Information in a tree can be inserted, updated or deleted in any order, and accessed in any order as well.

Information in a tree is organized in nodes. Each node has a key and a value. A key is used to search for a node in a tree. By default (if "unsorted" is omitted), all nodes in a Vely tree are also connected in an ordered linked list, allowing for very fast range searches.
Keys and data
A node in a tree consists of a string key and a pointer to any kind of data (i.e. of type "void *"). There is no limit on the number of nodes in the tree, other than available memory. Each key in the tree must be unique.
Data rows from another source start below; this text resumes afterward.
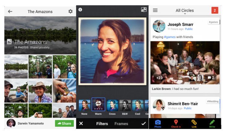 Güncellemeyle yeni bir görünüme kavuşan uygulamanın fotoğraf deneyimi önemli ölçüde yenilendi. Artık iOS için Google+ uygulamasını kullananlar fotoğraflar içinde öne çıkanları tarayabilecek, panorama ve kısa animasyonlar oluşturup paylaşabilecek ve otomatik iyileştirme seçeneği sayesinde fotoğraflarının daha güzel görünmesini sağlayabilecek. Android için Google+ uygulaması da bir süre önce yayınlanan güncellemeyle bu özelliklere kavuşmuştu.
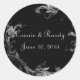 Rond Sticker Monogramme Mariage damassé noir et blanc
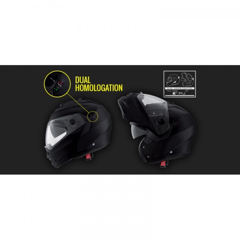 Podwójna homologacja (E3/P) na kask integralny i szczękowy oraz 5/5 gwiazdek SHARP odznaką najwyższych standardów bezpieczeństwa.

Keys should be as short as possible. Generally, longer keys take longer to search for, insert or delete.
Key comparison
In order for any data tree structure to function, a key comparison must be performed certain number of times in order to find a specific key. By default, keys are compared using C's strcmp() function, meaning using ASCII lexicographic order.

Use "custom-eval" clause to specify a custom key comparison function. If "custom-eval" clause is used, then <eval function> must be a function of "vely_tree_eval" type, with the following prototype:
typedef int (*vely_tree_eval)(char *tree_key)

This function takes "tree_key" as an input parameter, which is the key of a currently traversed tree node. The key being searched for, inserted or deleted is available in global variable "vely_cur_key", and its length in "vely_cur_key_len". Your implementation must return 0 if "vely_cur_key" and "tree_key" are equal, negative if "vely_cur_key" < "tree key" or positive if "vely_cur_key" > "tree key". The exact definition of what is "equal", "lesser" or "greater" is up to you, as long as two keys cannot be "equal" and "lesser" at the same time, or "greater" and "lesser" at the same time.
Composite keys
A custom <eval function> allows flexibility in ordering keys. It is often used to create composite keys, i.e. keys where multiple information pieces are concatenated in a way that allows their sorting based on some comparison scheme, which you can implement with "custom-eval" clause. If <eval function> is specified, Vely will call it instead of the built-in string comparison function.
Number keys
"key-as" clause allows to treat a key as something other than a string when it comes to ordering. When "positive integer" value is used, it will treat a key as a string representation of a positive integer number. Such numbers must be zero or positive integers in the 64 bit range, and they must not contain leading zeros, spaces or other prefix (or suffix) characters. For example, key strings may be "0", "123" or "891347". With this clause, sorting these strings according to their converted numerical values is much faster than using schemes such as prefixing numbers with zeros or spaces.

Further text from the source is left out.